When, following this testimony on May 14, the Senate committee members asked for information about the conversations, Adams balked. He said that “instructions of the Executive Branch” barred him from telling of the conversations at that key meeting on January 21. Committee members were concerned. How could they obtain the evidence necessary to draw a conclusion on the hearings if they were to be barred from all “high-level discussions of the Executive Branch”?

The Army-McCarthy hearings centered on charges and countercharges involving Army Secretary Stevens, John G. Adams, Defense Department General Counsel H. Struve Hensel, Senator Joseph McCarthy, Roy M. Cohn, and Francis P. Carr. Cohn was chief counsel for McCarthy’s Permanent Investigating Subcommittee, and Carr was chief investigator.

The Department of the Army alleged that Senator McCarthy, Cohn, and Carr had improperly used the power of the McCarthy subcommittee to obtain preferential treatment for Cohn’s pal, Private G. David Schine. It was contended that the tough and aggressive little Cohn had tried to intimidate the Army and Defense officials to get Schine a commission or a special assignment as an assistant to the Secretary of the Army, or a post in the Central Intelligence Agency. It was also charged that Cohn had suggested that Private Schine might be given a special assignment to work with the McCarthy committee. In fact, Schine had been drafted and after a short time on regular Army duty was permitted to leave his regular duties to work with Cohn on the McCarthy committee investigations.

On the other side, Army Secretary Stevens contended that McCarthy and Cohn had launched a vindictive probe of the Army security programs in reprisal against those who had not co-operated to grant special treatment to Private Schine.

Senator McCarthy countercharged that the Army tried to blackmail his investigating subcommittee into dropping its investigation of the Army loyalty-security setup by threatening to circulate an embarrassing report about Cohn and Schine. The Wisconsin Senator declared that his investigation of the Army loyalty-security program was fully justified, and reiterated his charge that Major Irving Peress had been promoted by the Army despite his record as a “subversive.” McCarthy did not deny that he had criticized Brigadier General Ralph Zwicker as a “disgrace” in uniform. And he renewed his assault on the Fort Monmouth Missile Research Center as a place honeycombed with “Reds.”

It was easy to understand why the Eisenhower administration held the January 21 meeting at the Justice Department to decide how to handle Senator McCarthy. However, it was not so easy to understand why, after testifying there had been such a meeting, Army Counsel Adams refused to tell what was said.

Senator Stuart Symington, the handsome Missouri Democrat, was amazed that testimony would be barred on such a crucial meeting. He declared that testimony on the January 21 meeting was essential to determine the responsibility for the Defense Department’s attempt to stop Senator Joseph McCarthy.

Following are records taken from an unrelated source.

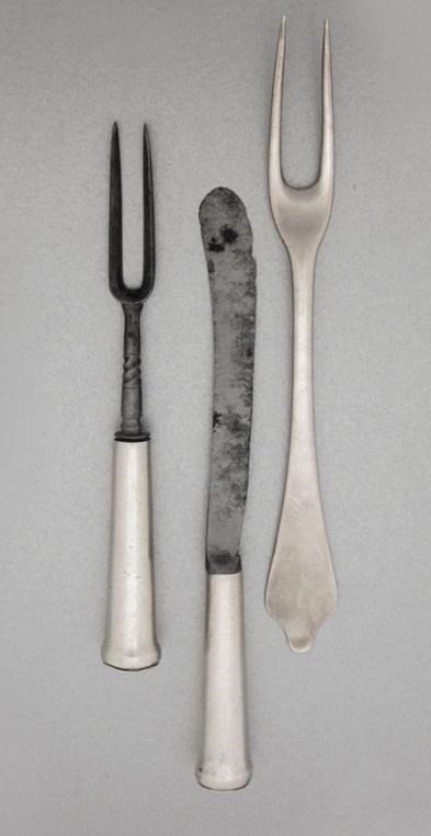 A rare Queen Anne two prong wavy-end table fork, maker's mark worn, London 1705, together with a moulded steel cannon handled dessert knife and matching two-prong fork, maker's mark only, struck once on each ('IH' pellets above and one below) last quarter of 17th century. (3) See Jackson's Revised, p.136
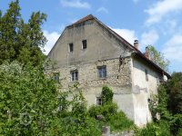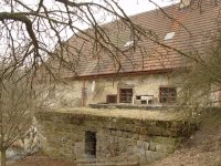 Zděný mlýn leží pod obnoveným rybníkem, jehož výpust má strouhu vysekanou ve skále. Na jejím dně je prosekané obdobné požírací koryto jako na Tuboži. Nad strouhou je vstup do dvou prostor, vysekaných v pískovcovém masivu. První je ve výškové úrovni vstupu, do druhé se sestupuje z první po sedmi schodech. Ve vstupu jsou patrné stopy po zárubních a uzavírání objektu. Jedná se o komoru a níže umístěný sklep, přístupné z protější strany strouhy po dřevěné lávce. Jejich zdánlivě neobvyklé umístění v situaci staveb mlýna je vzhledem k užitému materiálu právě typické, k zahloubení byla využita usedlosti nejbližší pískovcová skála. Způsob práce v lomové stěně i při vysekání objektu odkazuje do pokročilého novověku.
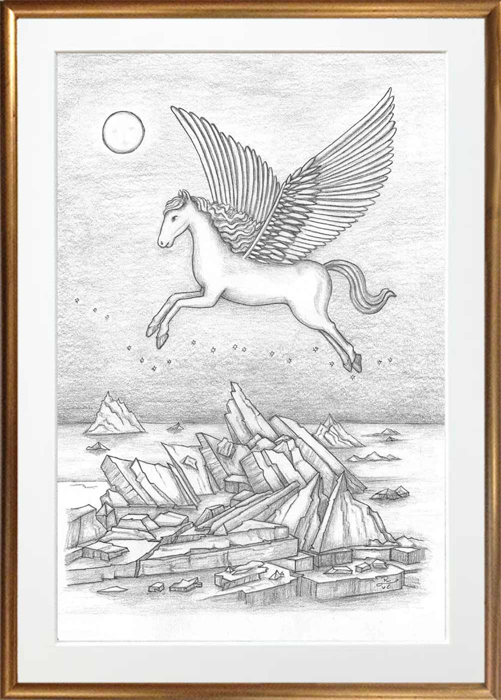 Motiv aus einem Bilder-Zyklus zu 10 Caspar-David-Friedrich-Gemälden. Jede dieser Zeichnungen der Meta-Romantik trägt etwas ‚Übergeordnetes‘ in sich, eine neue Perspektive, etwas Außergewöhnliches, das die ursprüngliche Szenerie bei Caspar David Friedrich sprengt.
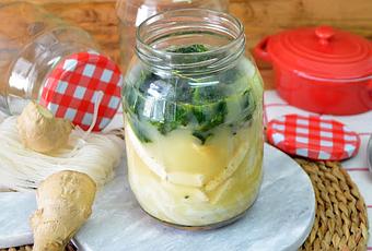 Primero añadimos la salsa de soja, el jengibre, luego los noodles de pollo, las espinacas, el pollo troceado, y por ultimo añadimos el caldo de pollo o verduras, según hayáis elegido, cerramos.
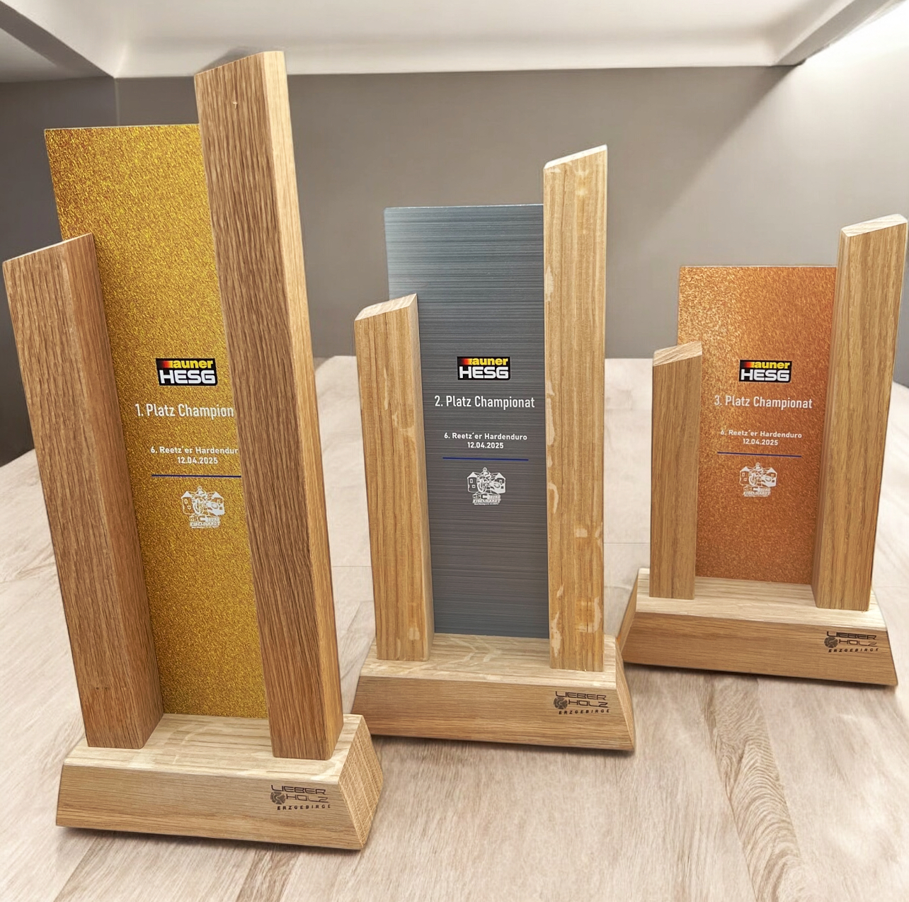 Durch die sorgfältige Auswahl von Eichenholz und Aluminium Dibond entsteht ein hochwertiger Materialmix, der Professionalität und Individualität ausstrahlt. Die Trophäe wirkt gleichzeitig robust und elegant – ideal für Sportevents, Firmenauszeichnungen oder kreative Wettbewerbe.
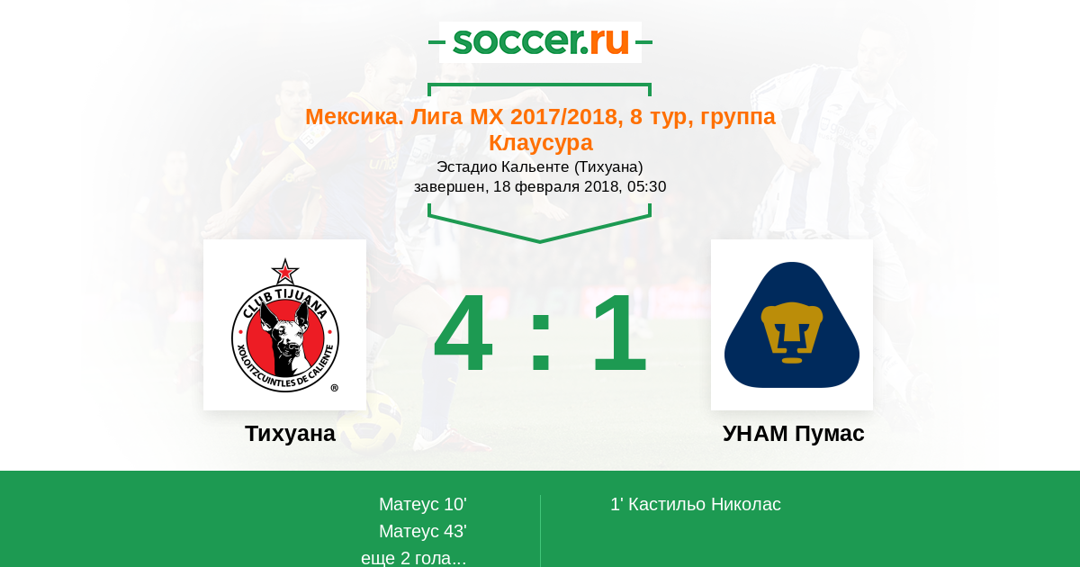 Протокол матча Тихуана против УНАМ Пумас
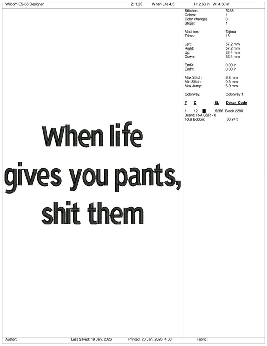 When life Gives You Pants Shit Them Embroidery Design Files - 3 Size's
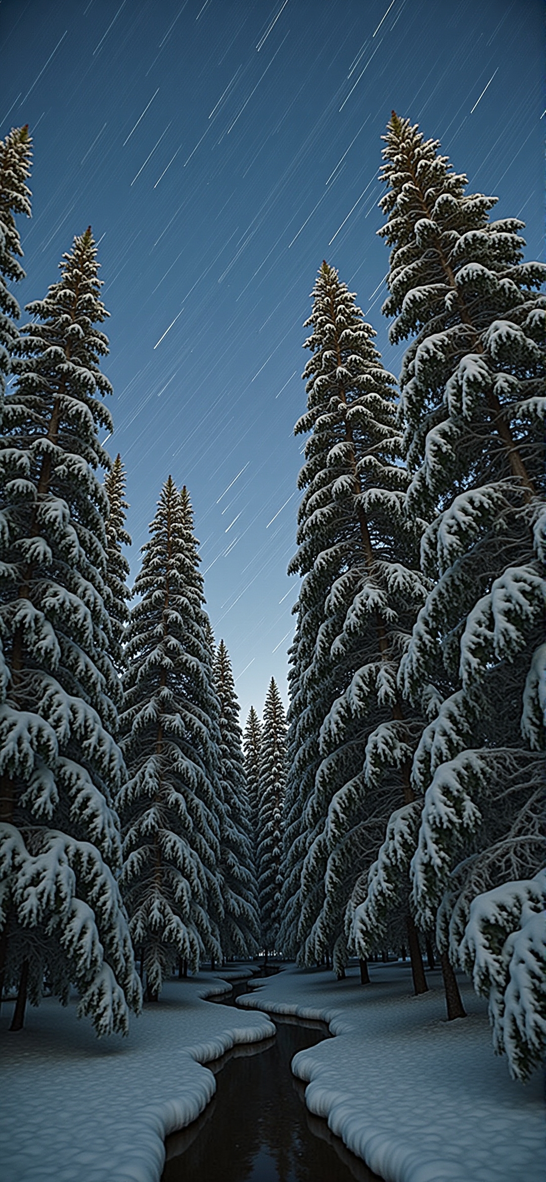 夜幕下雪覆盖松林星轨绵延的宁静冬日摄影
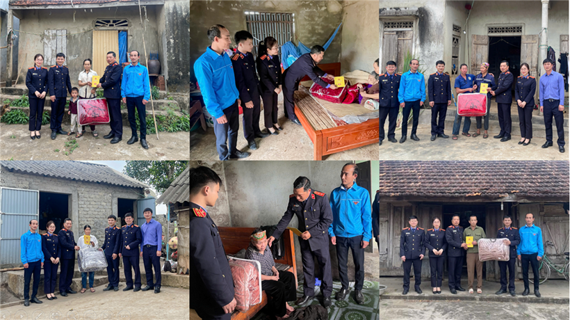 Còn tại tỉnh Nghệ An, hưởng ứng Thư kêu gọi của đồng chí Bí thư Tỉnh ủy Nghệ An về việc ủng hộ, giúp đỡ người nghèo, người có hoàn cảnh khó khăn, người yếu thế đón Tết Bính Ngọ. Với tinh thần xung kích, trách nhiệm vì cộng đồng, đoàn viên Chi đoàn VKSND khu vực 4, tỉnh Nghệ An đã tổ chức chuỗi hoạt động “Xuân ấm áp - Tết yêu thương”, triển khai nhiều hoạt động chăm lo đời sống cho người dân và thiếu nhi có hoàn cảnh khó khăn trên địa bàn.
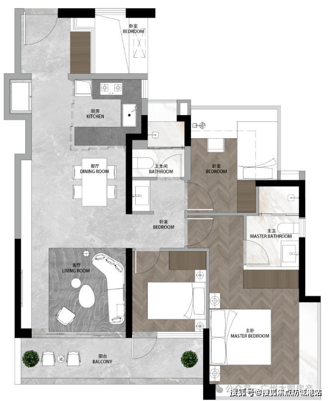 118㎡ 3+1房2厅2卫:四开间朝南,约6.6米宽景阳台,主卧套间超过22平方米。
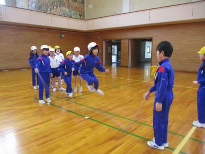 体育の時間には8の字跳びの練習をしています。最初は入るタイミングが分からなかった子も、友達が入るタイミングで声をかけたり背中を押したりしてくれることで、タイミングをつかんできました。
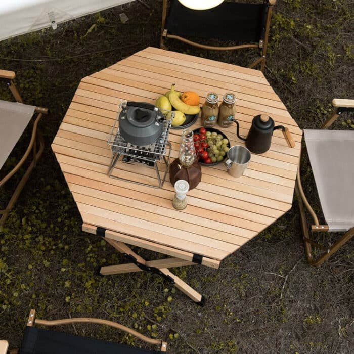 Longing for the warm scene of everyone sitting around, sharing food, talking and laughing in the camp? A table that can be set up quickly, can accommodate multiple people, and has a natural ambience is essential. This outdoor solid wood octagonal simple camping table is tailor-made for you who love camping and socializing. Breaking through the limitations of traditional square circles, it features a unique octagonal design that combines the durability of high-quality solid wood with a revolutionary easy-to-install system that allows you to create a centripetal dining and gathering centre on grass, beach or camp in minutes without the need for complex tools.

“This was a high-level discussion of the executive department, and this witness [Adams] has been instructed not to testify as to the interchange of views of people at that high-level meeting,” explained Joseph N. Welch, the gentle-voiced Boston lawyer who was serving as a special counsel for the Army.

“Does that mean we are going to get the information about low-level discussions but not about high-level discussions?” Senator Symington asked.

“That is only, sir, what I have been informed,” Welch replied and then carefully made it clear he was not passing on the right or wrong of the policy. “It isn’t a point of what I like. It is a point of what the witness has been instructed.”